## Task:
Please give the listing again in full, leaving out its images.

## Stored data:
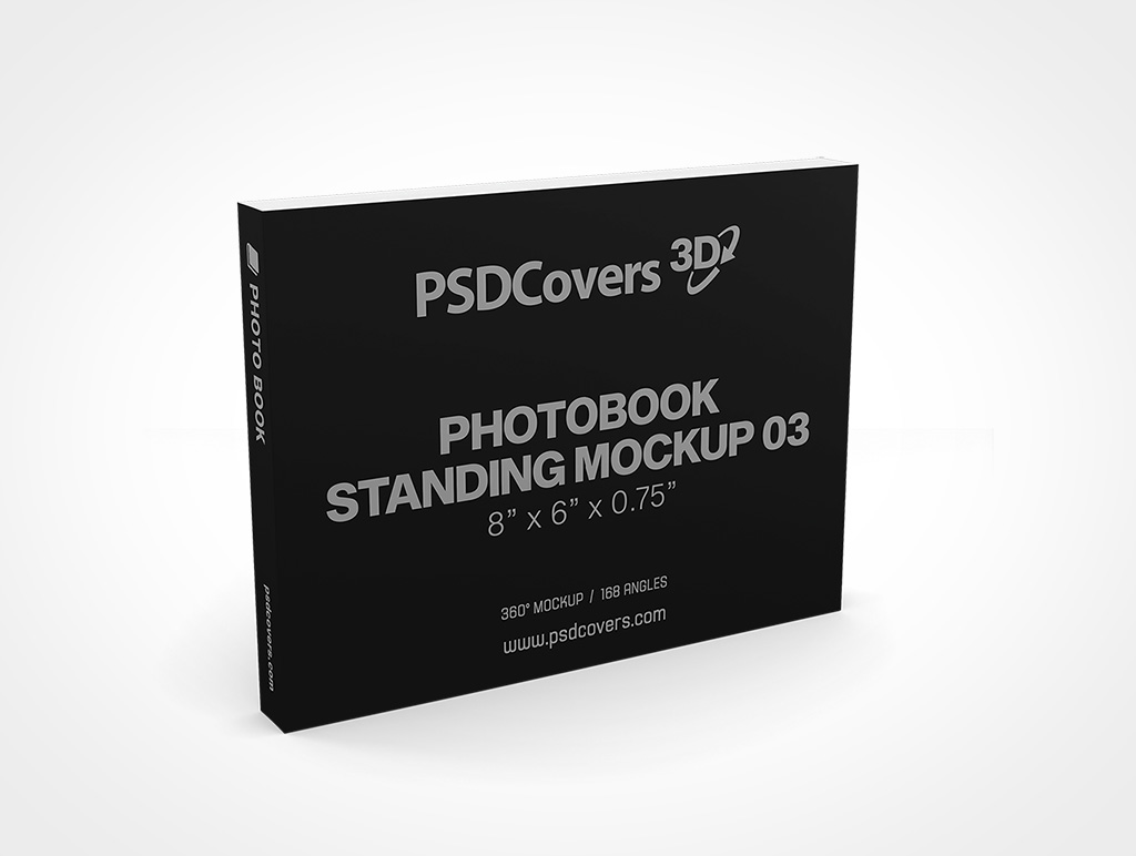 Our book mockup 7819 visualizes your softcover artwork while standing in landscape orientation. Measuring 203mm x 152mm (8in x 6in), this Photo book also features a paperboard cover and perfect binding spine. The length for this book mockup measures 19mm (0.75in) representing a 250-350 page count. Made for personal and commercial use, our high-resolution PSD softcover books are also ideal for visualizing your book cover templates and Photo book designs.
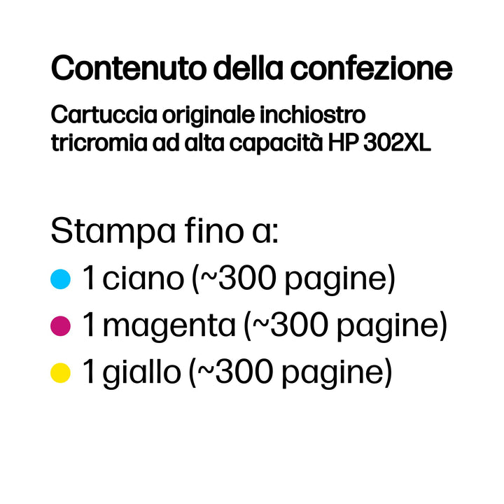 HP Cartuccia originale inchiostro tricromia ad alta capacità 302XL
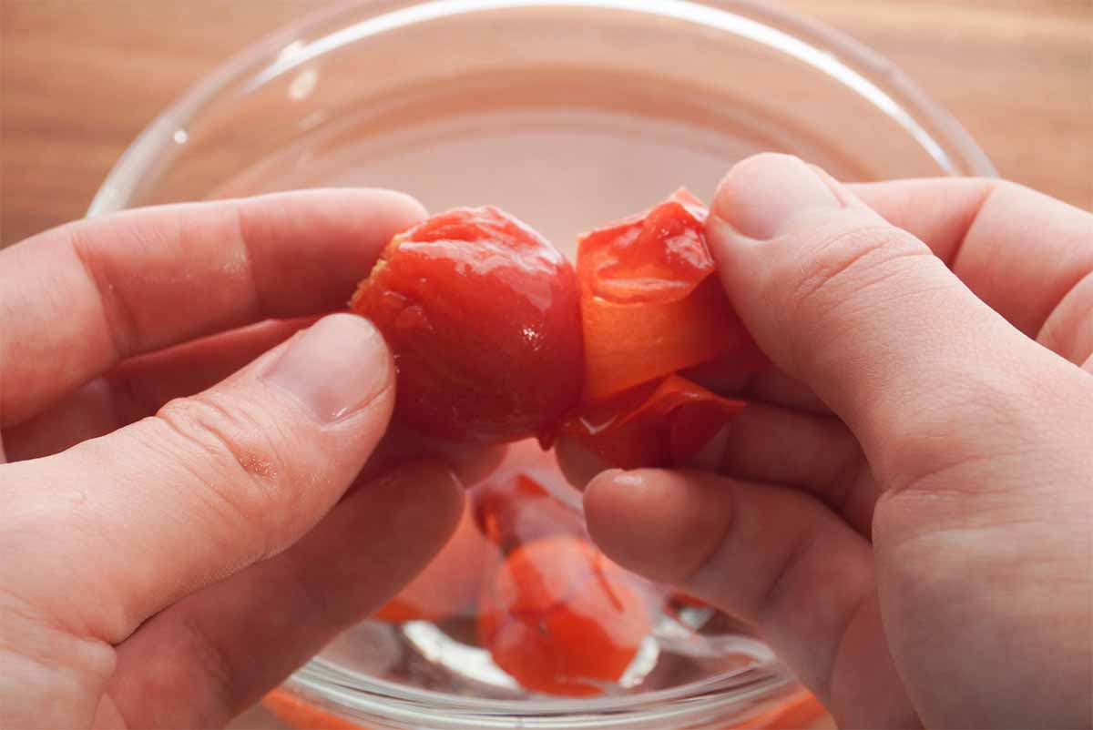湯むきをうまく行うコツは、加熱した後しっかり冷やすことです。
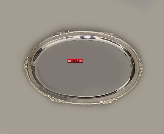 This silver plated oval Tray is handcrafted in a brass sheet, heavily silver plated and then given an high polish finish. Finally it is given an Anti – Tarnish cote for lasting and enduring use.

## Solution to this exercise:
 Our book mockup 7819 visualizes your softcover artwork while standing in landscape orientation. Measuring 203mm x 152mm (8in x 6in), this Photo book also features a paperboard cover and perfect binding spine. The length for this book mockup measures 19mm (0.75in) representing a 250-350 page count. Made for personal and commercial use, our high-resolution PSD softcover books are also ideal for visualizing your book cover templates and Photo book designs.
 HP Cartuccia originale inchiostro tricromia ad alta capacità 302XL
湯むきをうまく行うコツは、加熱した後しっかり冷やすことです。
 This silver plated oval Tray is handcrafted in a brass sheet, heavily silver plated and then given an high polish finish. Finally it is given an Anti – Tarnish cote for lasting and enduring use.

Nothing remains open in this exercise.